Virginia state trooper helps young black man with flat tire


New York Daily News
MELISSA CHAN
4 hrs ago

A white Virginia state trooper who kneeled down to help a stranded young black man change a flat tire, and then stayed by his side all night until help arrived, has become a hero in the eyes of his grateful mother.

"This kind officer approached him didn't ask if the little Mercedes was stolen but rather got on his knees to replace his tire," mom Nada Owusu wrote in a Facebook post that has gone viral.

Owusu's 20-year-old undergraduate son Joseph Owusu was driving home to Danville from Virginia Tech last Thursday when his back tire blew on the road "in the middle of nowhere," she said.

That's when Virginia State Trooper Matt Okes stepped in to try to fix the flat.

When he couldn't, the law enforcement officer kept the student company on the dark road for over four hours until his mother and AAA arrived at 1 a.m.

Then he trailed them in his police vehicle until he knew they were fine to drive on their own, Owusu said.

"What really impressed me is not just the fact that he tried to change the tire, which I didn’t even know police did," Owusu told the Daily News.

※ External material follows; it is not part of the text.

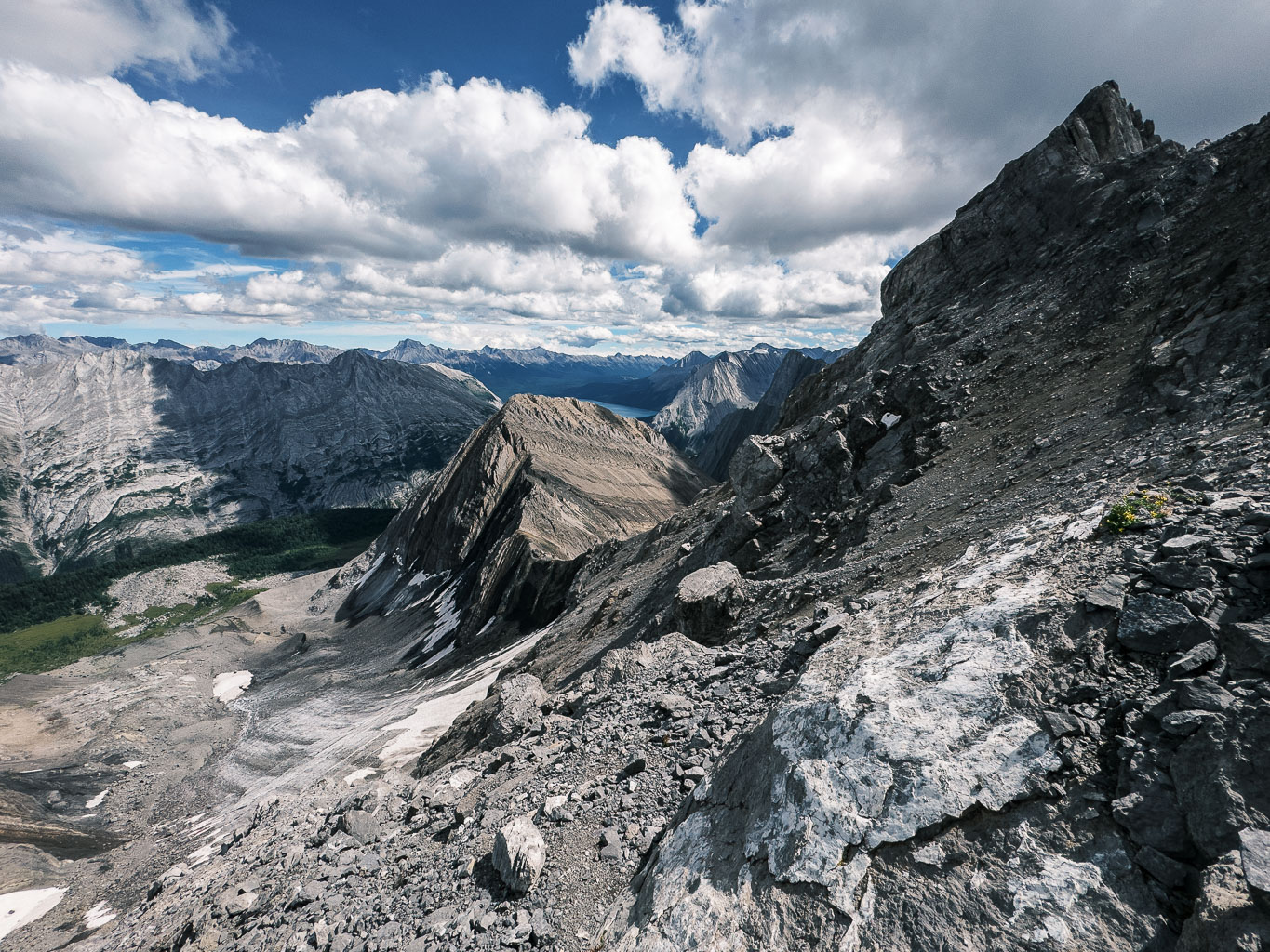 Some tricky bits of ridge later and I was striding to the main summit of the day with dramatic beauty in all directions. Tipperary Lake, the Royal Group and Sir Douglas stole the show, but many other familiar and unfamiliar peaks presented themselves as well.

"What touched me more was that he didn’t leave him on that road, where he could have been hit by another car. As a mother, that really meant a lot to me."

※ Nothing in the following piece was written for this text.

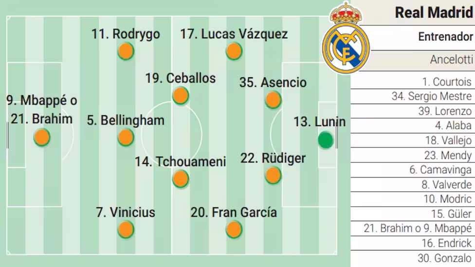 2月26日訊 明天凌晨國王杯半決賽首回合,皇馬客場對陣皇家社會?!栋⑺箞蟆奉A(yù)測了本場的皇馬首發(fā),盧寧在列,巴爾韋德或?qū)⒃俅潍@得輪休,鋒線上姆巴佩或?qū)?dān)任替補。門將:盧寧后衛(wèi):巴斯克斯、勞爾-阿森西奧、呂迪格、弗蘭-加西亞中場:瓊阿梅尼、塞巴略斯、貝林厄姆前鋒:羅德里戈、維尼修斯、姆巴佩/布拉欣-迪亞斯 本文標(biāo)簽: 足球 西甲 皇家馬德里

Owusu's post has been shared more than 21,000 times and liked by more than 400 people, including TV personality Montel Williams, who called Okes' assistance an "act of heroic kindness."

"Too often we look at very specific instances where police miss the mark, and it's equally if not more important to recognize the countless Trooper Okes' of the world who quietly serve with distinction and embody EVERYTHING we want our Police to be," Williams wrote. "Trooper Okes, thank you for your service."

Owusu said the message has even reached those in Ferguson, Mo., the site of recent turmoil between police and protesters, where white police officer Darren Wilson fatally shot Michael Brown, an unarmed black teen in August.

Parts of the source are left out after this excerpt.